In an effort to facilitate proactive and transparent dialogue about topics affecting the financial marketplace, the Consumer Financial Protection Bureau (CFPB) will be hosting a symposia series featuring panels made up of an assortment of industry stakeholders.
The series is conceived as a means to help the CFPB with its policy development process, including possible future rulemakings.
“There are a number of outstanding, challenging issues the bureau is facing – some of which Congress directed us to address,” CFPB Director Kathy Kraninger said in a release. “I believe that the best way to address these issues is with proactive dialogue. The symposia series is building on the approach we took last year in convening experts on access to credit issues and credit invisibles.”
The first symposium in the series focuses on what can be done to clarify the meaning of “abusive” as it pertains to the CFPB’s authority to regulate against unfair, deceptive or abusive acts or practices (UDAAP) under Section 1031 of the Dodd-Frank Act.
Former CFPB acting director Mick Mulvaney stated that the bureau was working on a rule to clarify what constitutes an abusive act or practice during the Mortgage Bankers Association’s (MBA) annual convention in October 2018.

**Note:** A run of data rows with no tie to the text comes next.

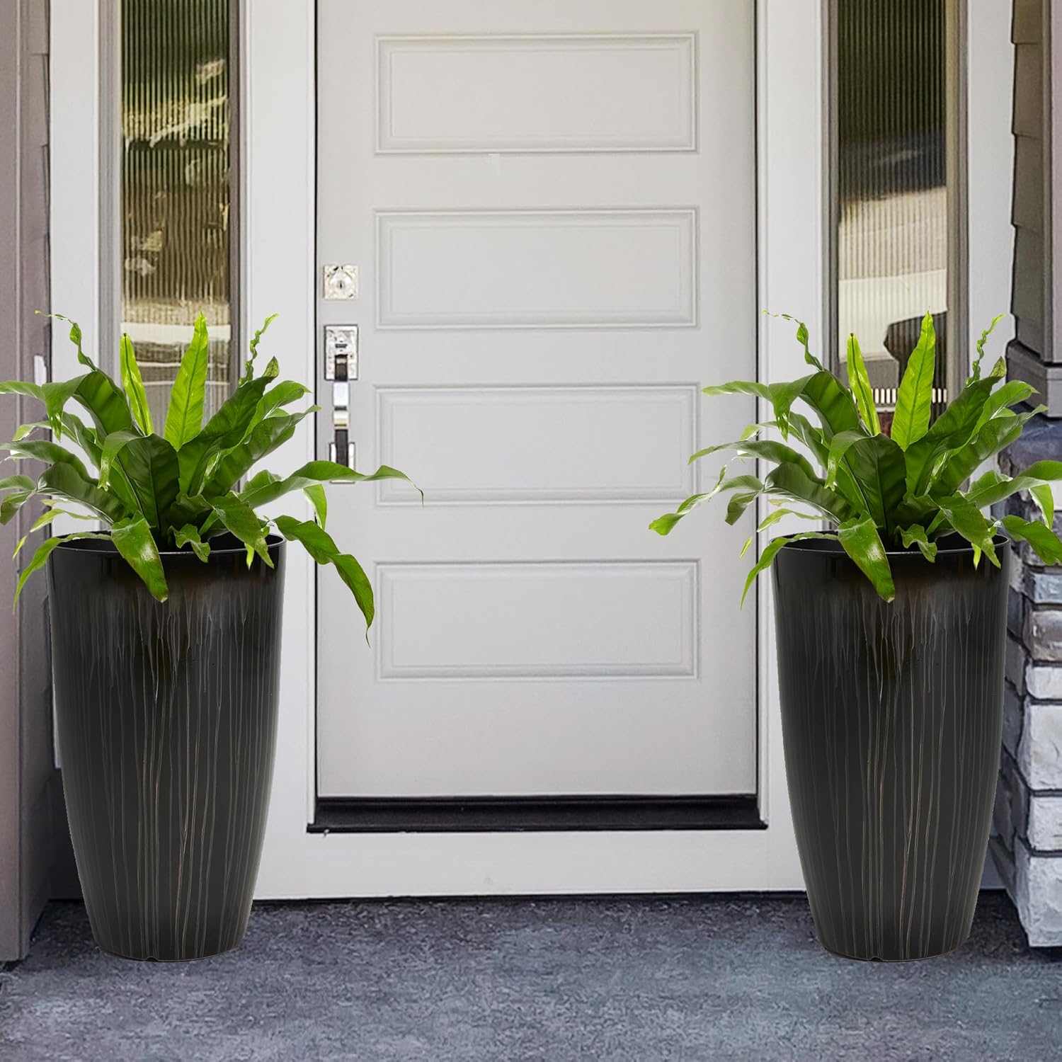 Worth Garden 23.5" H. Large Plastic Planters - Set of 2 Gradient Black Glossy Smooth Finish - Tall Plant Pots for Indoor & Outdoor Use - Decorative Lightweight Flower Pots for Front Porch, Patio, Deck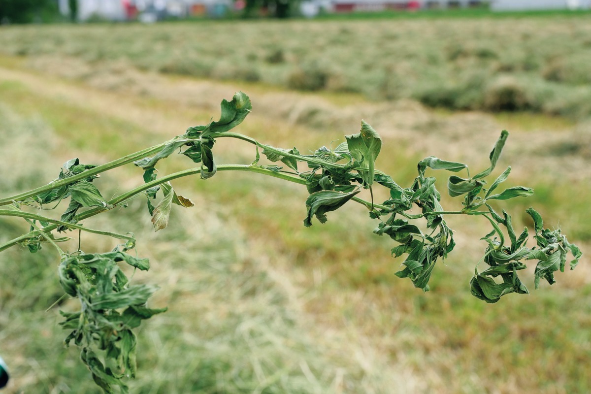 Bürgi ergänzt: «Ich erkläre mir das durch die groben Stängel der Luzerne, welche wie eine Armierung wirken.» Bürgi lässt das Mähgut im Anschluss einen Tag liegen. Der Schwad wird auf den groben Stängeln der Mähstoppel gut unterlüftet.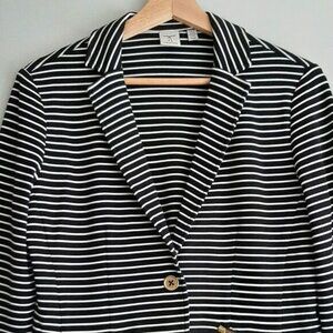 TRISTAN / Stretchy Stripe Comfy Casual Single Button Blazer Jacket B&W Sz M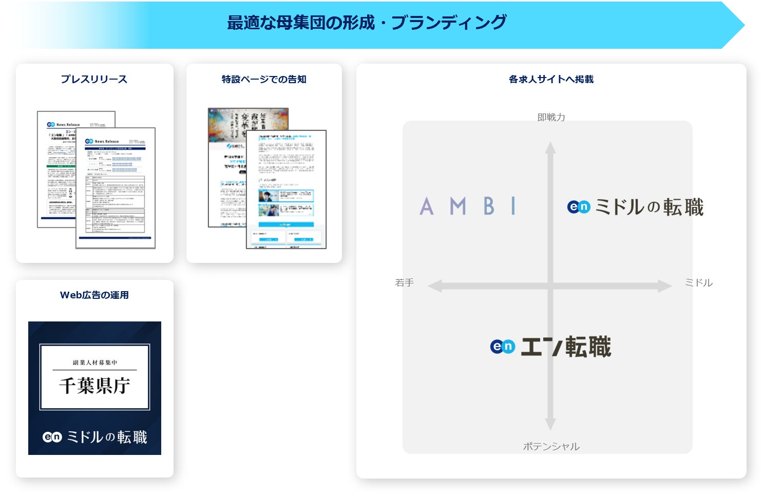 プレスリリースや特設ページ、Web広告での告知に加え、各求人サイトでの集客支援を実施。『エン転職』『AMBI』『ミドルの転職』とターゲットの異なる求人サイトを活用することで、ターゲットへ網羅的に求人を届けました。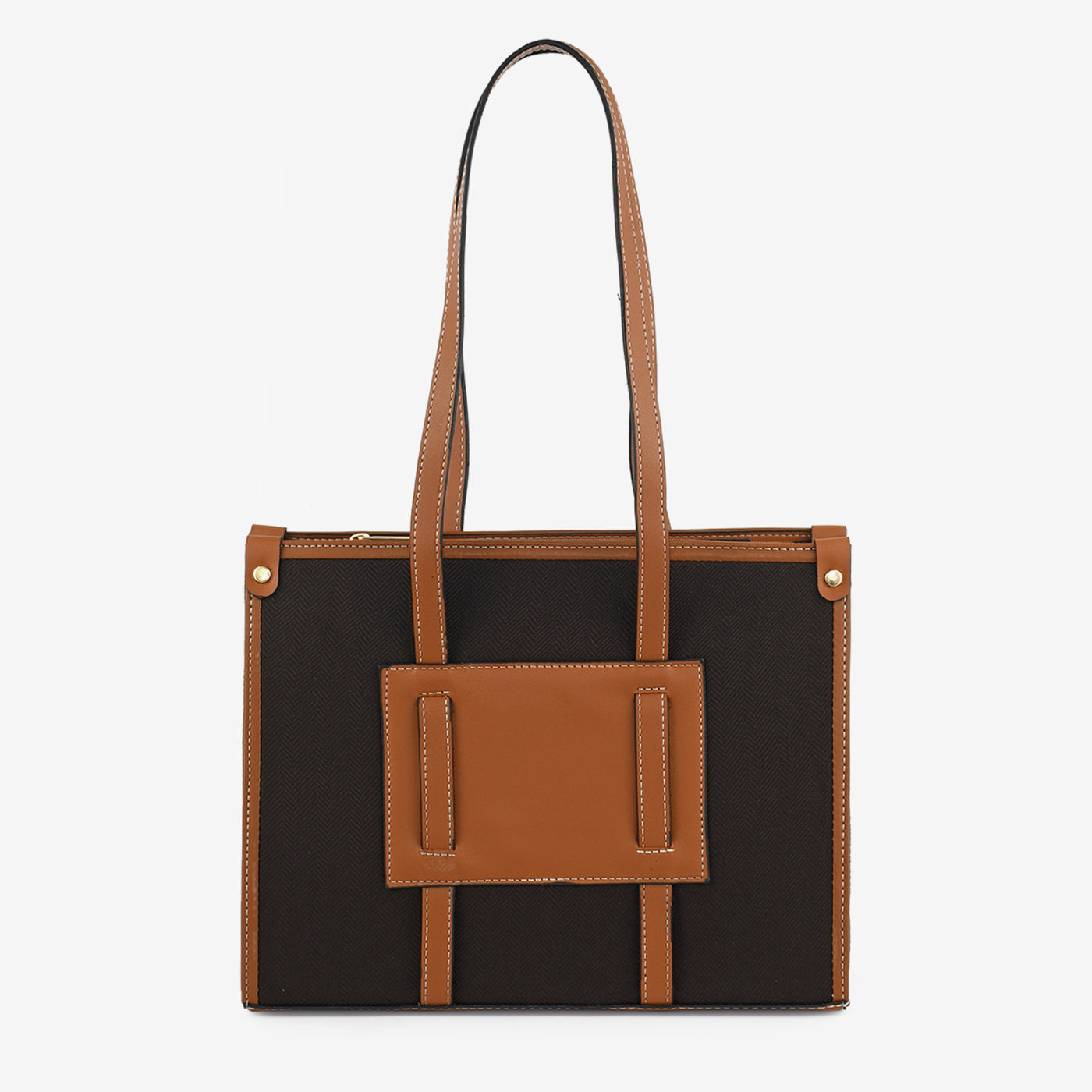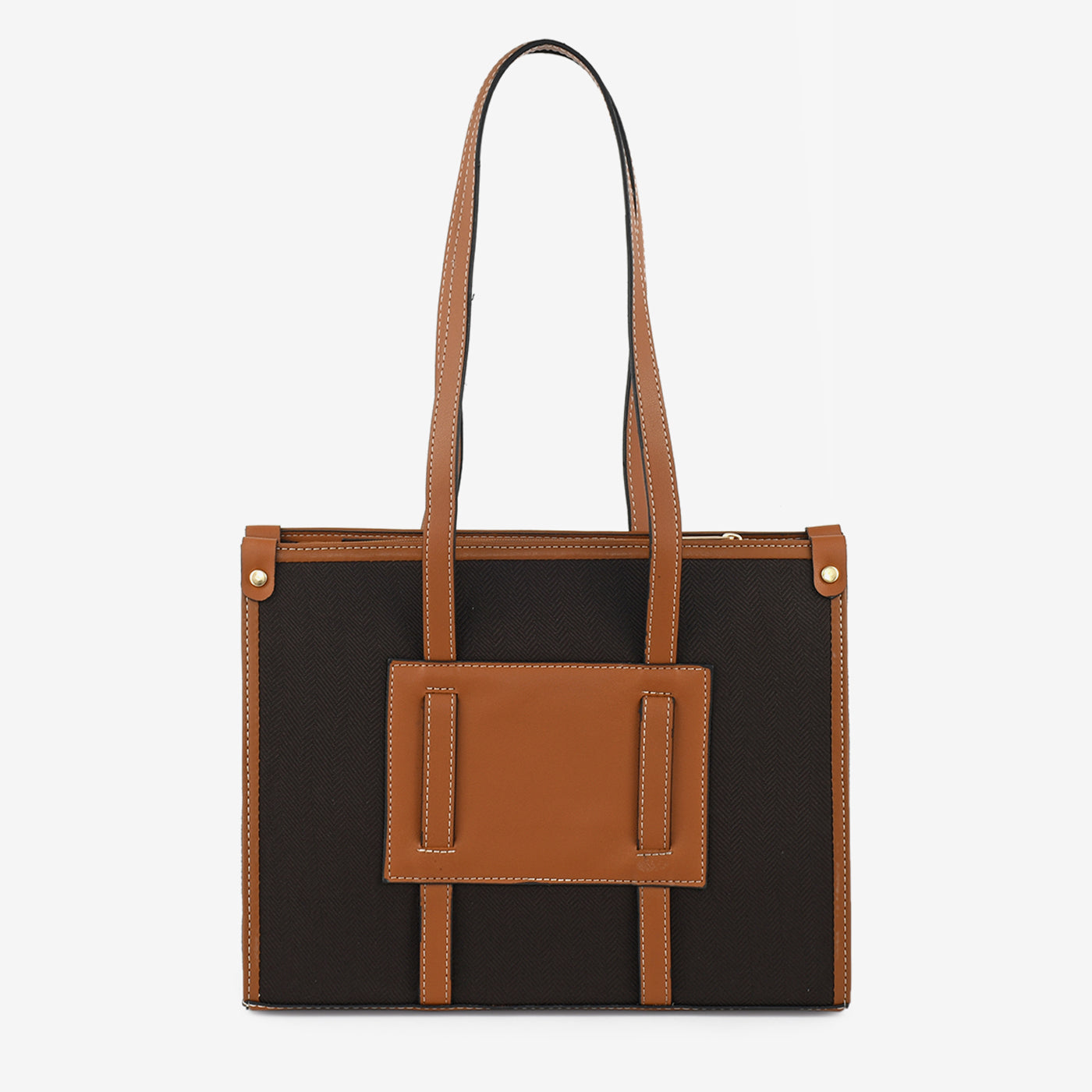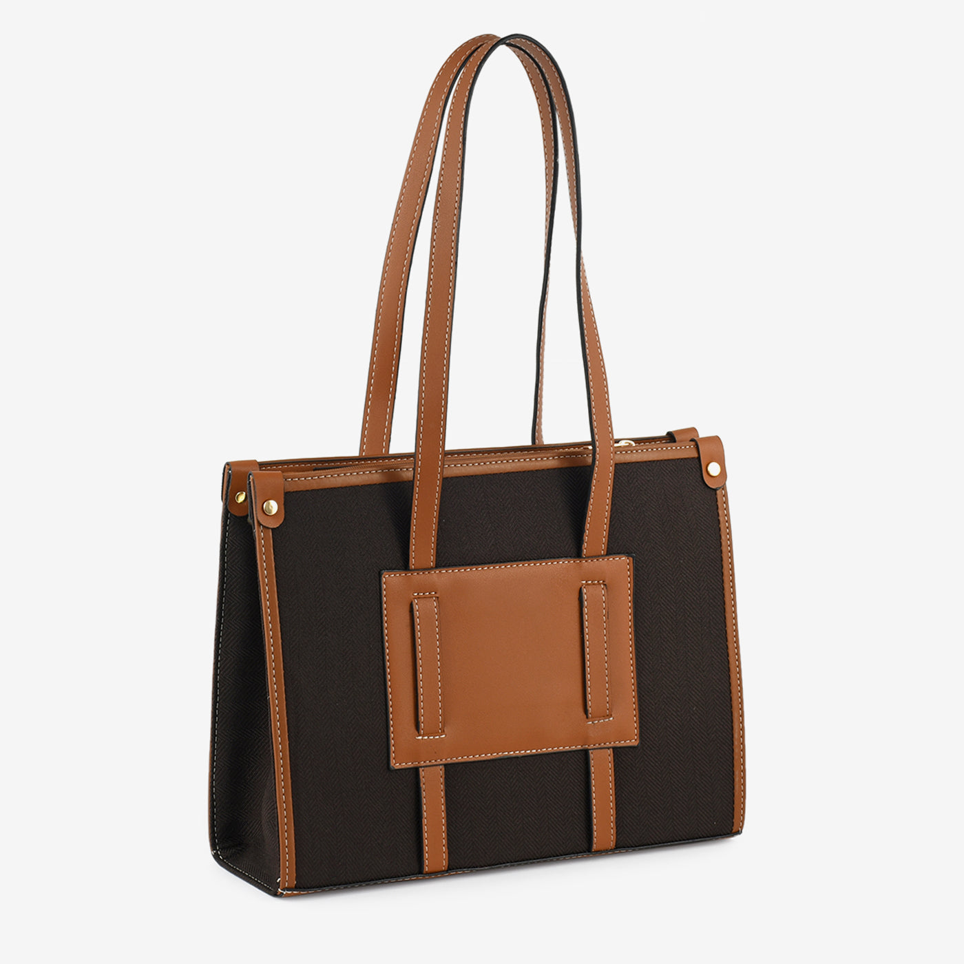 Modern and structured, the "Charcoal Edge" tote pairs muted grey fabric with sleek black accents and contrast stitching. Its elongated handles and roomy interior make it perfect for workdays and casual outings alike.

“UDAAP is the law, and we continue to supervise for it, and if need be, we will bring UDAAP lawsuits,” Mulvaney said, speaking with MBA President and CEO Robert Broeksmit. “But unfair is fairly well established in the law. Deceptive is fairly well established in the law. Abusive, I don’t think, is. So we’ll have an announcement on some rulemaking on what that term means.”
Other topics to be addressed throughout the series will include discussion about behavioral law and economics, small business loan data collection, disparate impact and the Equal Credit Opportunity Act, cost-benefit analysis and consumer-authorized financial data sharing.
“These types of proactive efforts are precisely how we intend to engage,” Kraninger said. “Our symposia series will facilitate a robust discussion by experts on a variety of topics related to the bureau’s mission in a public forum. As the bureau has an open mind on where the process will go, any appropriate next steps would come after the bureau has had time to digest the discussion at the given symposium.”
Kraninger announced that the bureau’s plans to convene the series during her recent speaking engagement at the Bipartisan Policy Center in Washington D.C.
The bureau did not indicate when it will be providing additional details on dates and panelists for the series. It did not indicate where the series would be held, although it appears the events will be at the CFPB headquarters in Washington.